DATA BLOCK =>
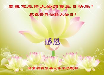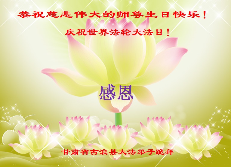 甘肃省武威市古浪县大法弟子恭祝慈悲伟大的师尊生日快乐!庆祝世界法轮大法日!
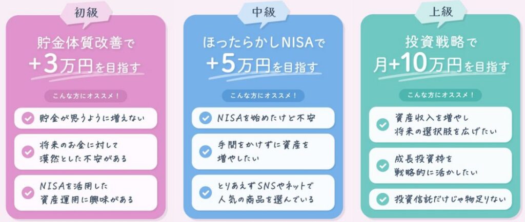 初級、中級、上級のレベル別になっていて、家計管理初心者から、投資も始めていてある程度知識のある方まで、幅広く活用できます。
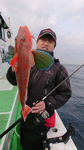 当日は2mのうねりも残っていたが序所に落ち着き後半は釣り易くなった。
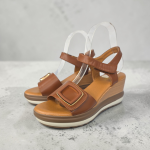 Sandalia ligera de cuña con velcro delantero para un perfecto ajuste con un aplique dorado que le da un toque especial.Ajusta con pulsera de velcro al tobillo.Planta de gel.Altura cuña: 7,5 cm – Altura plataforma: 3,2 cm

DESCRIPTION OF THE TASK => What is needed is a verbatim copy of the lines running from the one with "初級、中級、上級のレベル別に" through the last line of the listing above, excluding any pictures.

RESPONSE TO THIS EXERCISE =>
 初級、中級、上級のレベル別になっていて、家計管理初心者から、投資も始めていてある程度知識のある方まで、幅広く活用できます。
 当日は2mのうねりも残っていたが序所に落ち着き後半は釣り易くなった。
 Sandalia ligera de cuña con velcro delantero para un perfecto ajuste con un aplique dorado que le da un toque especial.Ajusta con pulsera de velcro al tobillo.Planta de gel.Altura cuña: 7,5 cm – Altura plataforma: 3,2 cm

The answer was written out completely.